Is the shell theorem only an approximation?

If you put a particle very close to the border, the force from matter very close to it will be very strong, as you say. But that is only a small portion of the shell; all the rest is pulling the other way, towards the center. The shell theorem guarantees that these forces cancel exactly.


Most of the mathematical formlities are dealt with on the wikipedia page you reference in your question. There, to prove the shell theorem, the shell is taken to have mass per unit area $\sigma$ and split it up into lots of coaxial rings, with the axis running along a diameter that goes through the test mass. $\theta$ is the angle between the diameter through the test mass and a line from the centre of the sphere to one of the rings.

Skipping to the main point, we can find the gravitational field generated by one of the thin rings at a test position that is a distance $r$ from the centre of a sphere of radius $R$ and mass $M$, where $s$ is the distance from the test position to a point on the ring is given by

$$dg = \frac{GM}{4Rr^2}\left( 1 - \frac{R^2-r^2}{s^2}\right)\ ds$$ which integrates to $$g = \left[\frac{GM}{4Rr^2}\left(s + \frac{R^2 - r^2}{s}\right)\right]^{s_{\rm max}}_{s_{\rm min}}.$$

For the full spherical shell the limits are $s_{\rm min} = R-r$ (when $\theta=0$) to $s_{\rm max}=R+r$ (when $\theta=\pi$ and the result is zero - this is the shell theorem and should work for any value of $r\leq R$.
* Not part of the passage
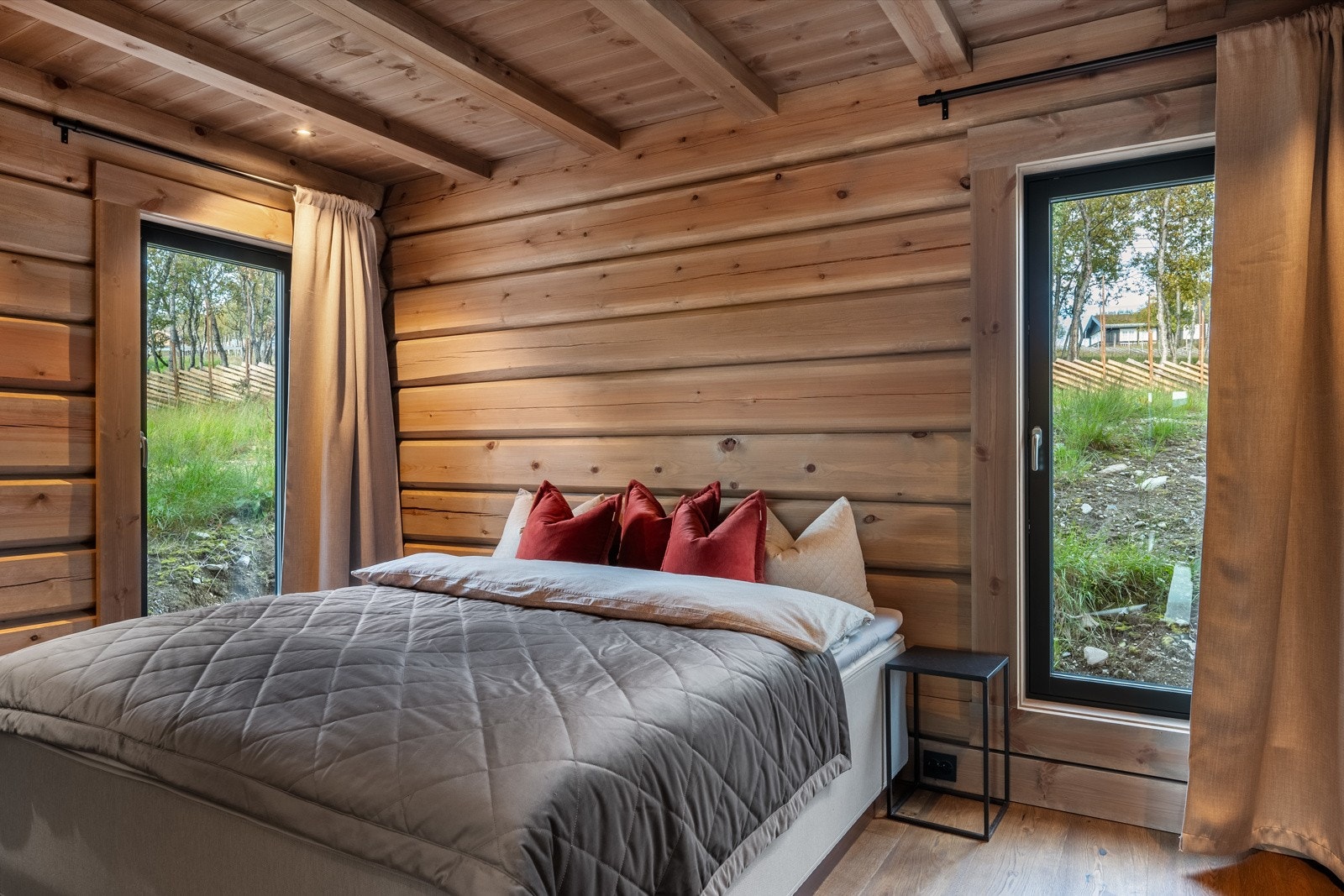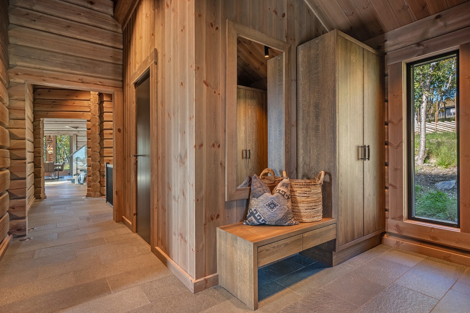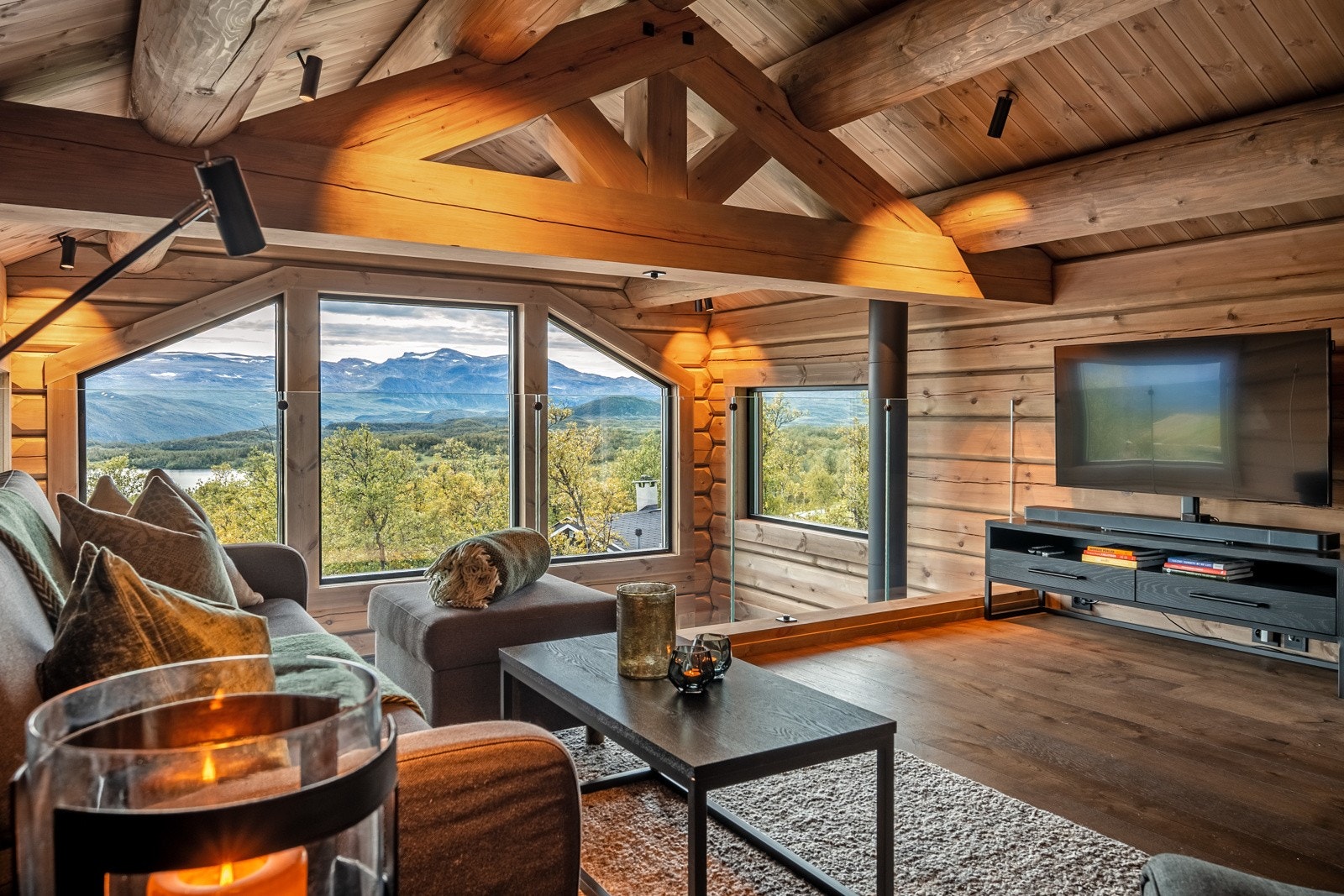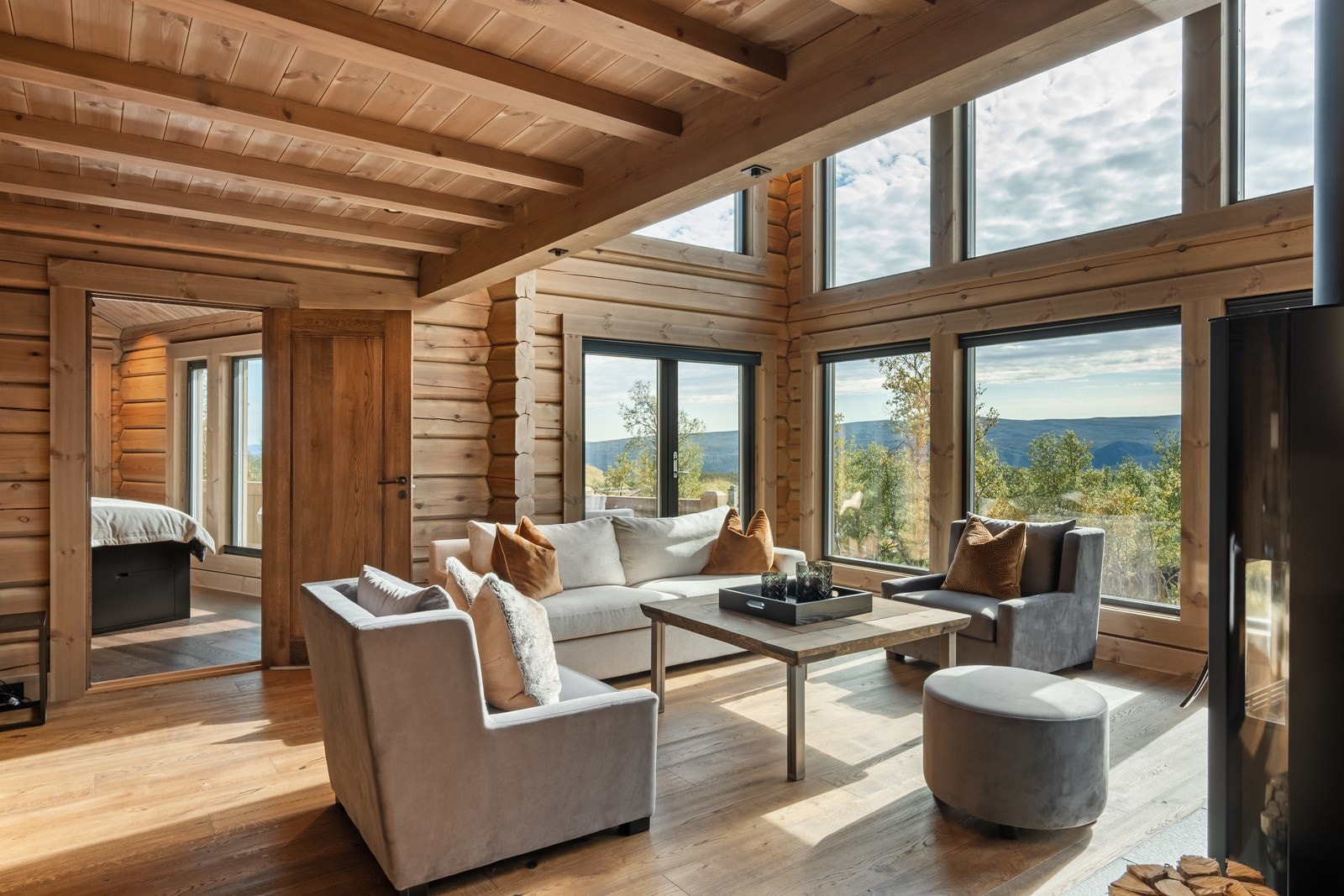 Særdeles flott håndlaftet tømmerhytte i norsk malmfuru | Høy standard | Vannbåren varme | 4 soverom | 2 bad/wc | Garasje

However to answer your specific question, why doesn't the gravitational field due to the piece of the shell closest to the test point blow-up towards infinity as the test point gets very close to the surface of the shell and overwhelm the opposite (but clearly finite) field generated by the mass distributed over the rest of the sphere?
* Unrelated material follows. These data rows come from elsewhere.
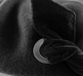 Deze heruitgevonden baret speelt met contrasten met lef en verfijning. De Baskische vorm, met een middelgroot snit, wordt getwist door een duo van sterke details: een met de hand gevlochten fluwelen strik en twee metalen oogjes die de silhouet moderniseren. Een subtiele balans tussen traditie en design, ontworpen voor een zelfverzekerde vrouwelijke uitstraling.
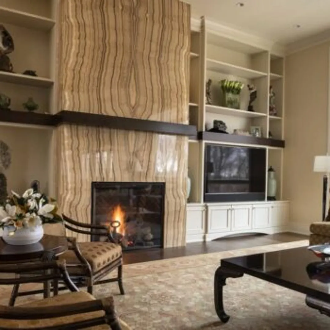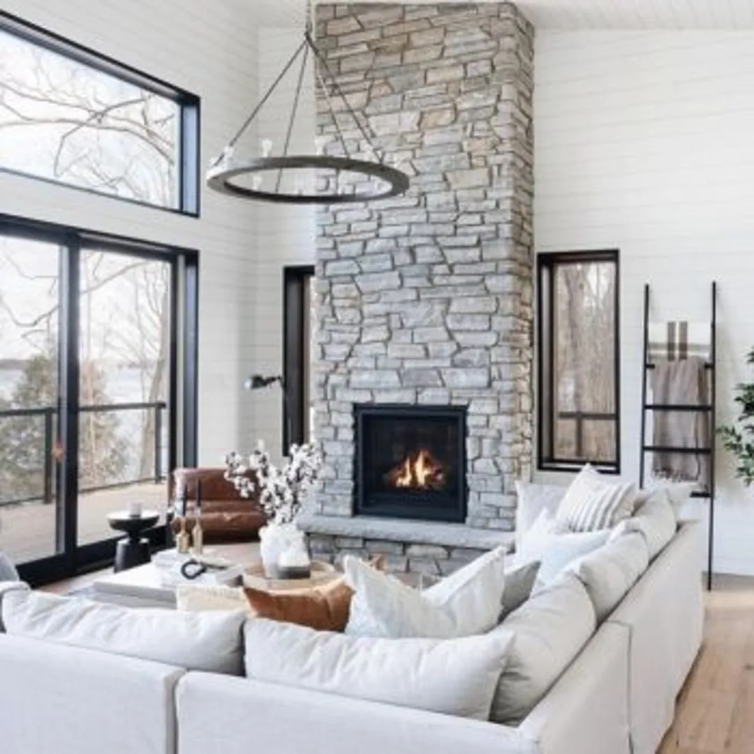 Камин, находящийся на короткой стене, можно обрамить двумя кушетками, параллельными друг другу, перпендикулярными к камину. Это выделит камин и уравновесит пространство. Затем дополните интерьер акцентными стульями напротив камина и журнальным столиком посередине.
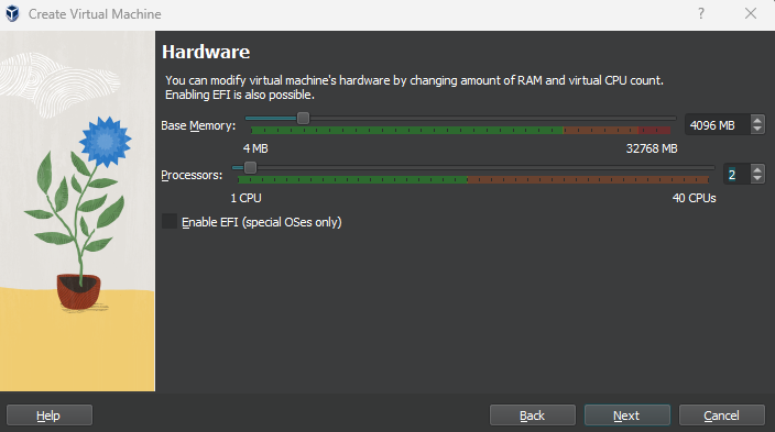 I chose 4GB of RAM and 2 CPUs. You can always adjust this later if needed.
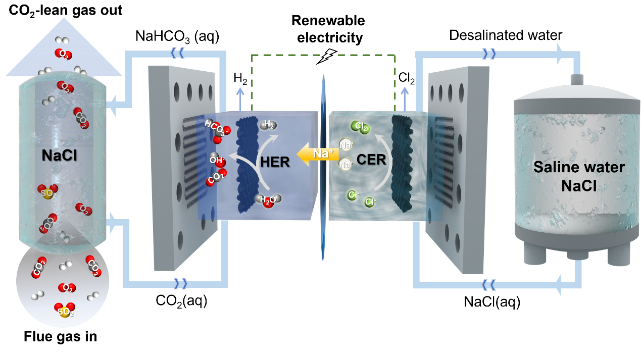 图1. 基于盐水电解的CO2捕集联产NaHCO3系统
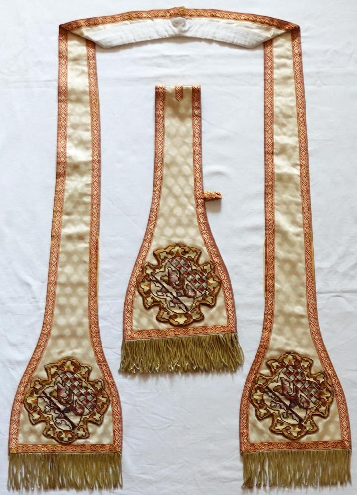 Complete with matching Stole, embroidered to the same designs, with gold bullion tassels at the centre.
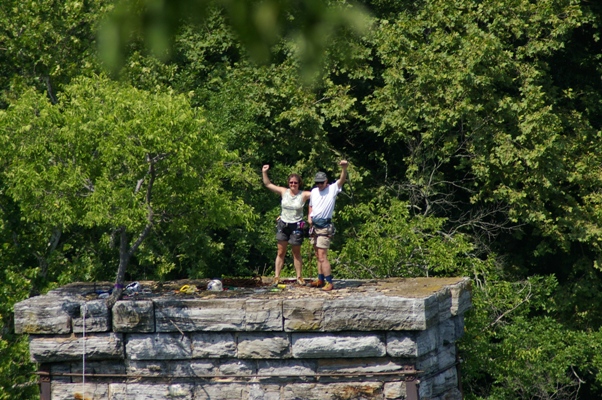 I quickly got myself secured and went off belay. I then secured Gayle's rope and posed for a few pictures with the cache for the overlook party. I also found Snurt's arrow, buried to the nock in a crack in the mortar in the tower. I retrieved it to give back to him later. I then put Gayle on belay while she worked up her static line using a jumar ascender and a grigri configuration. In a few minutes she, too, was on top of the tower. The second person to make it up and stand there proudly!
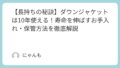 👉 詳細は関連記事:【長持ちの秘訣】ダウンジャケットは10年使える!寿命を伸ばす方法
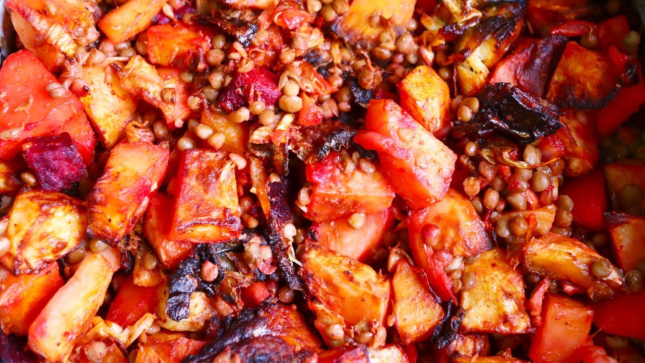 one pot Air Fryer pumpkin, potato, lentils and beetroot
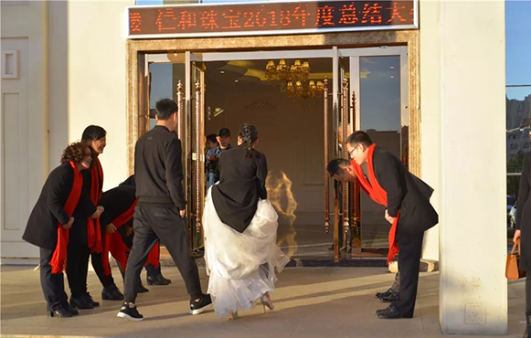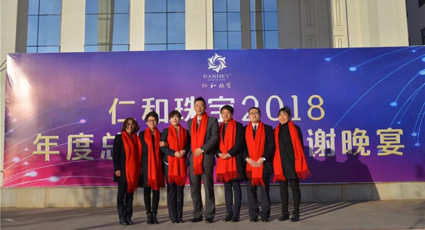 人事部经理贺艳女士汇报仁和珠宝2018年度企业文化建设回顾工作: 仁和的企业文化一直秉承:从感恩做起,从“快乐工作、快乐生活”做起,我们也在一直践行这个目标与理念,把我们仁和特有的企业文化做到实处、深入每一位消费者的心中。2019我们将迎接更大的挑战,任重而道远,但是我们坚信在许总的带领以及各界同仁、家人们的支持下,仁和珠宝的明天必将更加辉煌。

Look at the equation above and how it behaves when $r$ is very close to (but smaller than) $R$. In this case $s_{\rm min} \simeq 0$, and $(R^2-r^2)/s \simeq 2R$ resulting in a finite lower limit.

In words what is happening is that the amount of mass that is "infinitesimally close" to the test mass becomes infinitesimally small, ensuring that the gravitational effect of this mass does not blow up to infinity.


The shell theorem assumes a continuous distribution of matter in the shell.

If you came infinitesimally close to a real, physical shell you would discover that it, too, is made of particles. As you passed through the shell one of two things would happen:

  1. You could crash into one of the particles and experience a non-gravitational force.

  2. You could pass through a hole in the shell to the outside.

The second case is interesting. For a continuous shell there is a discontinuity between the force inside (zero) and the force outside (equivalent to a point mass at the shell's center). For a particle passing through a small hole in a spherical shell that discontinuity gets smoothed out. If the particle doesn't pass through the center of the hole, the smoothed-out gravitational force will include some component parallel to the surface of the shell; the details depend on exactly how "clumpy" the shell is.